§ PROBLEM DETAILS: From the entries below, print exactly the span beginning with the line holding "Seleccione A4 (CD/DVD)" and ending with the line holding "Hrubá marže společnosti", endpoints included, and skip any pictures.

§ RECORDS FOR THE EXERCISE:

__________

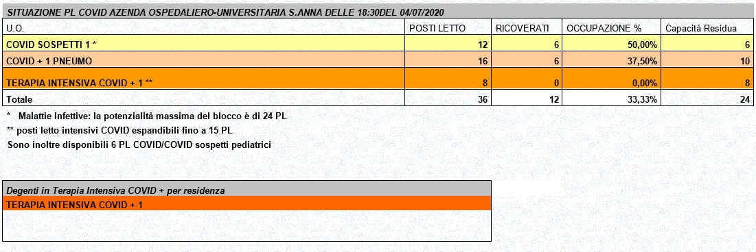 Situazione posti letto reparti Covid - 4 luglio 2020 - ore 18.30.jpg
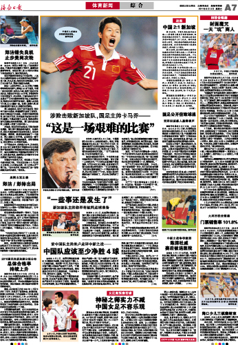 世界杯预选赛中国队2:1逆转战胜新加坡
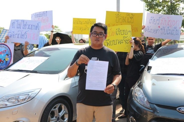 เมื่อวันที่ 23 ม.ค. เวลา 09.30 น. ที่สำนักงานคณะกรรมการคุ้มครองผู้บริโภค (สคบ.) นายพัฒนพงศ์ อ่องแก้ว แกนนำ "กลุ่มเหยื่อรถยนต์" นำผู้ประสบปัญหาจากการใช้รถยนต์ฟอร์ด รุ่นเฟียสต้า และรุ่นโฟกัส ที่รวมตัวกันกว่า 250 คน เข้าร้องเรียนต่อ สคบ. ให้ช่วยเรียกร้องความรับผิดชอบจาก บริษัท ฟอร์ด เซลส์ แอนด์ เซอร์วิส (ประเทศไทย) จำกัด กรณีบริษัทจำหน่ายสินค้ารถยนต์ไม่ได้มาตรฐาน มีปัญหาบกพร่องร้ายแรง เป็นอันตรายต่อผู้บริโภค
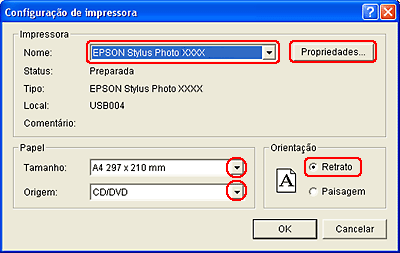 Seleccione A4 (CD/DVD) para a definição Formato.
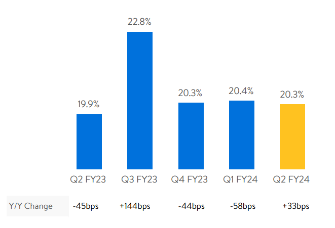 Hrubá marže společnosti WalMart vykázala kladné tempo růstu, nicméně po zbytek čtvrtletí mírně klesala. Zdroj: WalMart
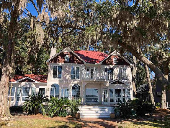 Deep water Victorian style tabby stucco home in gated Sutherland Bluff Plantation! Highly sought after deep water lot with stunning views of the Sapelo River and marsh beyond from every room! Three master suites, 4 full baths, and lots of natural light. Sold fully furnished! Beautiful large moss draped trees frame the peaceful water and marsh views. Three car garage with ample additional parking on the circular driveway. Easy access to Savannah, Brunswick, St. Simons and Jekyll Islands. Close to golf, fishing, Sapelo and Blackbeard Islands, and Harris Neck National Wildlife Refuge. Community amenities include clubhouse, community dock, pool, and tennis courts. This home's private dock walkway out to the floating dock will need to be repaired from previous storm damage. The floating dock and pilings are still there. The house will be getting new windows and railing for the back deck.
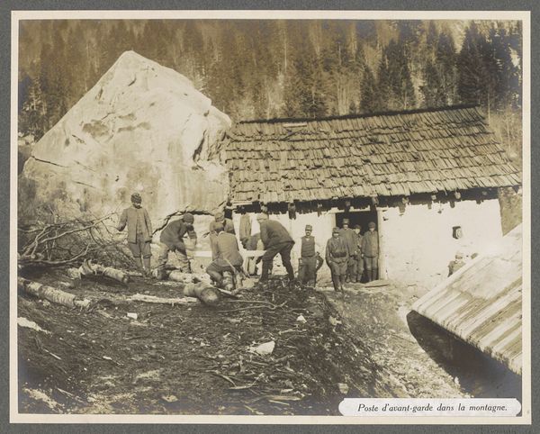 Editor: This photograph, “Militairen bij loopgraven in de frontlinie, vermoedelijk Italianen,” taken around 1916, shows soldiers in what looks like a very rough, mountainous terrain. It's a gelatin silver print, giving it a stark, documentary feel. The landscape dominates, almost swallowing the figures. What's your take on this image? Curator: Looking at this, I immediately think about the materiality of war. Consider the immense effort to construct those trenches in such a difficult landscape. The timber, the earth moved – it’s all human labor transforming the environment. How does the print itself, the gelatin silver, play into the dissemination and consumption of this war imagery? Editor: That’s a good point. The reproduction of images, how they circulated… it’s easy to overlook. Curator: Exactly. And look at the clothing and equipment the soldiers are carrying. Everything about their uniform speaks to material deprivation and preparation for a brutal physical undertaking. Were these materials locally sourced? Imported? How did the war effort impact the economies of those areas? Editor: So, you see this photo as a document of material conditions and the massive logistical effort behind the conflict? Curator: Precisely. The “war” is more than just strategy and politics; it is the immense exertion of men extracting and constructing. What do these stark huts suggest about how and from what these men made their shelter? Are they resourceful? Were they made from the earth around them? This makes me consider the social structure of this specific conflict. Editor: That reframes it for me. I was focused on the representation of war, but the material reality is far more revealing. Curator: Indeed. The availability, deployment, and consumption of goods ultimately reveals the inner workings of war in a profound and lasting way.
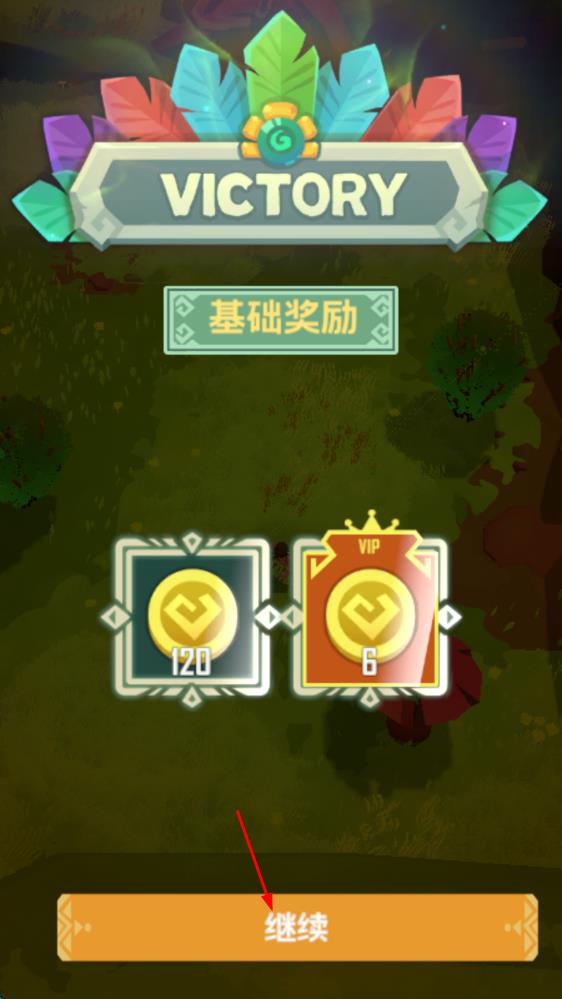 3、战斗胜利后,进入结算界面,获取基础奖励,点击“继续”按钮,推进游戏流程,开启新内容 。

__________

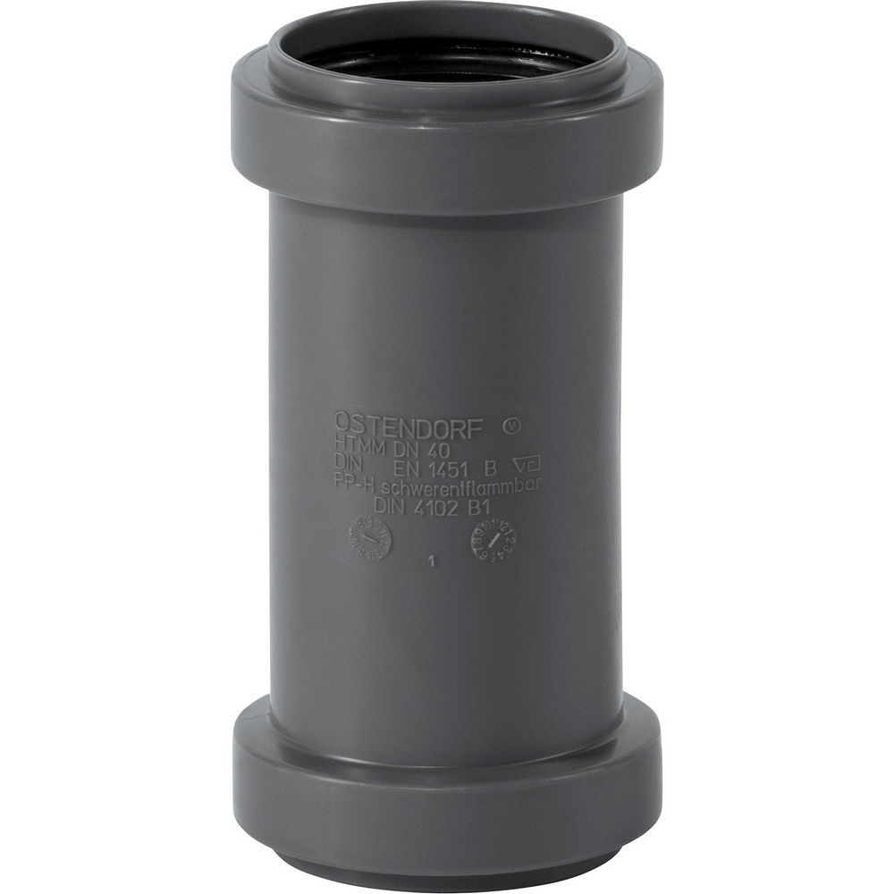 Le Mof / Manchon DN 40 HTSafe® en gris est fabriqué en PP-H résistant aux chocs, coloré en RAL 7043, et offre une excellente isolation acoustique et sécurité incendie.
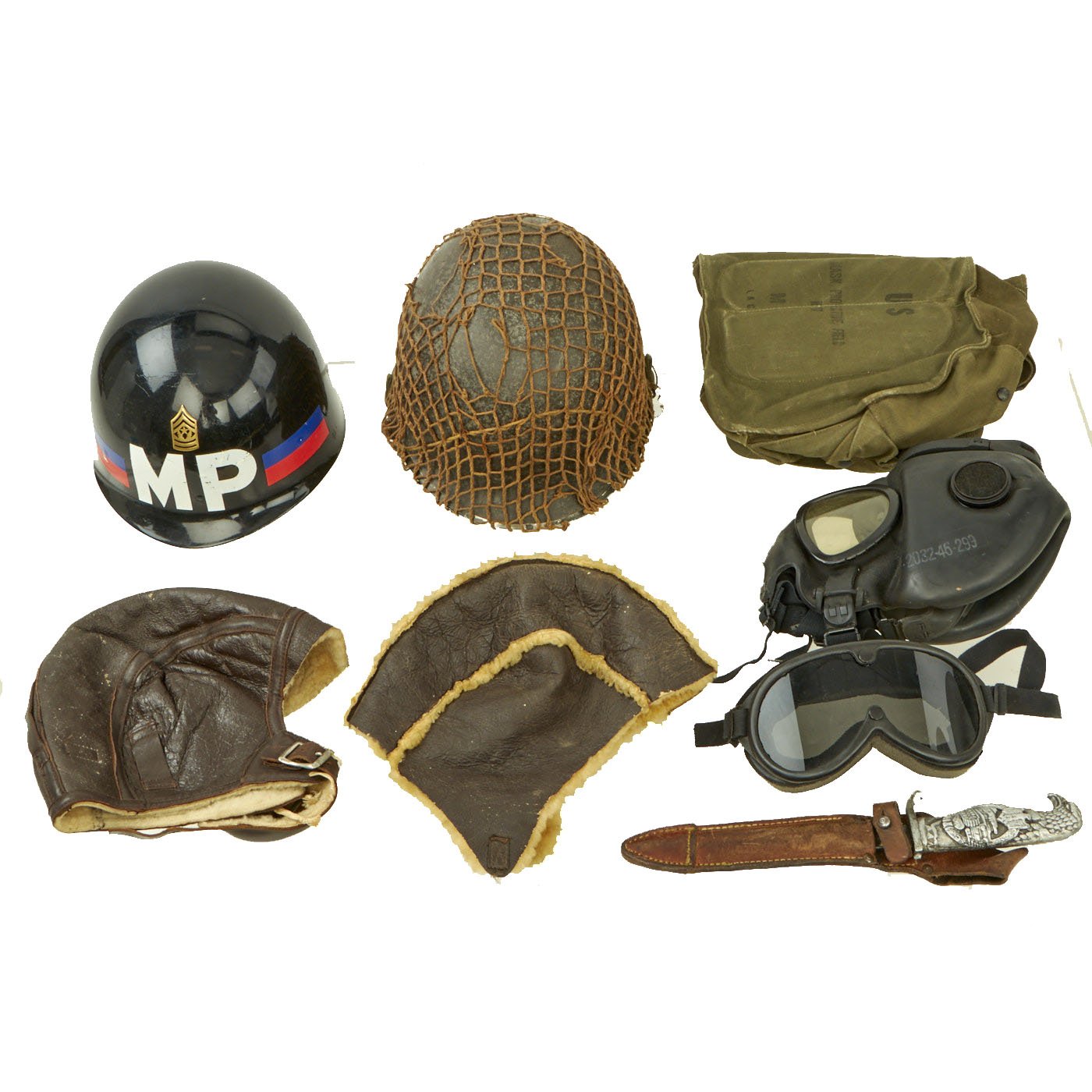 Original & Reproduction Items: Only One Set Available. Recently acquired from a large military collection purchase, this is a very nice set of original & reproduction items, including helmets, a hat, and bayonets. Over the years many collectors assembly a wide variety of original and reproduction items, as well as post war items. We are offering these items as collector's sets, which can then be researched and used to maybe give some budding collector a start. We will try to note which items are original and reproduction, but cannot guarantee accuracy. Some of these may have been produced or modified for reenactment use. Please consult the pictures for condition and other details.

__________

§ YOUR SOLUTION:
 Seleccione A4 (CD/DVD) para a definição Formato.
 Hrubá marže společnosti WalMart vykázala kladné tempo růstu, nicméně po zbytek čtvrtletí mírně klesala. Zdroj: WalMart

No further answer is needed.